Dear Salonnières,

thanks for attending compu-salon episode 9, databases. Here's a summary of our discussion. This Friday we'll talk about high-performance Python---overcharging the, ehm, slithering?

Friday, Apr 6, 4pm, Tapir interaction room as usual. I'll send out a reminder Friday morning. Until then!

Michele

Compu-salon ep. 9 in summary

We talked about tabular data, as encoded in standard formats, and as stored in relational databases. It doesn't sound any cooler now than it did last Friday, but it's going to be useful some day, isn't it?

Reading and writing tabular data (and especially astronomical tables)

Simple text-based formats

[See this excellent tutorial for more info.]

These include simple tab-and-newline-separated files. By now you should know enough about Python to handle these without a sweat. It's a one-liner (but see at the end of this section):

>>> table = [line.split() for line in open('file.txt','r')]

This will get you a nested list of strings. If you know already that you're working with numbers, you can wrap line.split() with float(); and if you want a numpy array you can wrap the list comprehension with numpy.array().

Only a little harder are comma-separated (CSV) files, which are the pidgin of spreadsheets. For these, you'll be happier with the Python csv module:

>>> import csv
>>> [row for row in csv.reader(open('file1.csv','r'))]
[['a11', 'a12', 'a13'], ['a21', 'a22', 'a23']]

# if the first line of the file describes the columns (say A, B, C),
# you can get back a list of dictionaries
>>> [row for row in csv.DictReader(open('file2.csv','r'))]
[{'A': 'a11', 'B': 'a12', 'C': 'a13'}, {'A': 'a21', 'B': 'a22', 'C': 'a23'}]

# to write to a csv file, use csv.writer/csv.DictWriter and writerow/writerows
>>> w = csv.writer(open('file3.csv'))
>>> w.writerows([['a11','a12','a13'], ...])

>>> dw = csv.DictWriter(open('file4.csv'))
>>> dw.writeheader()
>>> dw.writerows([{'A': 'a11', 'B': 'a12', 'C': 'a13'}, ...])

Although they're not really for tabular data, I though I would mention .ini files, which look like

# this is file example.ini

[section_name_1]
par1=1
par2=2

[section_name_2]
par1=3
par3=4

and are handled by the ConfigParser module in the Python standard library:

>>> import ConfigParser

# reading...
>>> config = ConfigParser.ConfigParser()
>>> config.read('example.ini')
>>> print config.get('section_name_1','par1')
1

# ...and writing (or writing back more parameters)
>>> config.add_section('section_name_3')
>>> config.set('section_name_3', 'par1', '5')
>>> config.write(open('example-modified.ini','w'))

If you're just writing configuration files for a Python application, you could also stick your parameter definitions in a Python .py file, and import it in your program.

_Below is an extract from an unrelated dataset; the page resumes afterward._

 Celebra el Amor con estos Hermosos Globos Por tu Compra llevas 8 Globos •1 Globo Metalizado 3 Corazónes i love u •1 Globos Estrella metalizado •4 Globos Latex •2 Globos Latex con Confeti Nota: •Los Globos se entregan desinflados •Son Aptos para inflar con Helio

Ah, let me mention one thing. If you come from C/C++/Fortran, you know that it's good practice to close files once you're done with them. But in the snippets above, I do no such thing. Indeed, I don't even store file handles in variables, but use them fleetingly in list comprehensions, or pass them directly to parsers. What happens is that Python will close files automatically as soon as they go out of scope—i.e., after the list comprehension is complete, or when the parser object itself is destroyed when it goes out of scope, or manually with del. However, if an exception is thrown, the file may end up not being closed.

Luckily Python (since v. 2.5) offers a very nifty way to handle the interplay of resource management and exceptions: context managers. For instance, for a file object we would do

>>> with open('file.txt','r') as f:
...     table = [line.split() for line in f]

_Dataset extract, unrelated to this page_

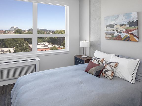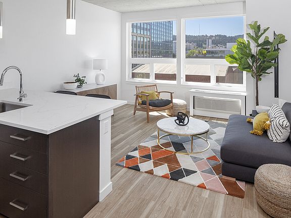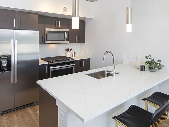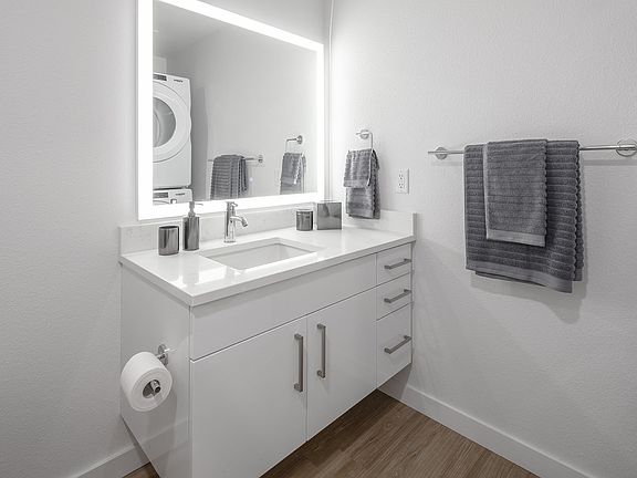 Airy open layouts, oversized windows, light filled spaces, an industrial vibe, and a view. It's all designed to feel as good as it looks. Modern kitchen with quartz countertops, stainless steel appliances, designer fixtures and large under-mount stainless steel sinks. Primary bathrooms equipped with rainfall showerheads and illuminated vanity mirrors. Bike storage, temperature control, and front-load washers and dryers. The must-haves, the nice-to-haves, the dream amenitiesthey're all included to help you live better.

This construction will close the file after the instructions in the indented block have completed. Furthermore, if something bad happens in one of the split()s, an exception would be thrown, but the file would still be closed. Quite elegant! (Another good place to use context managers is with multiprocessing synchronization objects such as Lock.)

Tabular-data formats used in astronomy

Here I will just recommend a few packages:

For the traditional, NASA-endorsed FITS format, use pyFITS.
For the high-performance HDF5 format, you can use h5py or pytables, which is optimized to handle large arrays very efficiently. (To install h5py you'll need to brew install hf5; pip install h5py. To install pytables, you'll need to pip install numexpr; pip install cython; pip install tables, all in your virtualenv of course.)
For VOTable, an XML format designed to exchange tabular data within the Virtual Observatory, you can use vo.table. (To install it, run pip install on the .tar.gz file.)
The package ATpy provides a one-stop shop to reading and writing FITS, HDF5, VOTable, ASCII, and standard database formats. It's OK for moderately large arrays, and maps tables very directly to numpy record arrays. (To use FITS, HDF5, and VOTable, ATpy needs PyFITS, h5py, and vo.table, respectively.)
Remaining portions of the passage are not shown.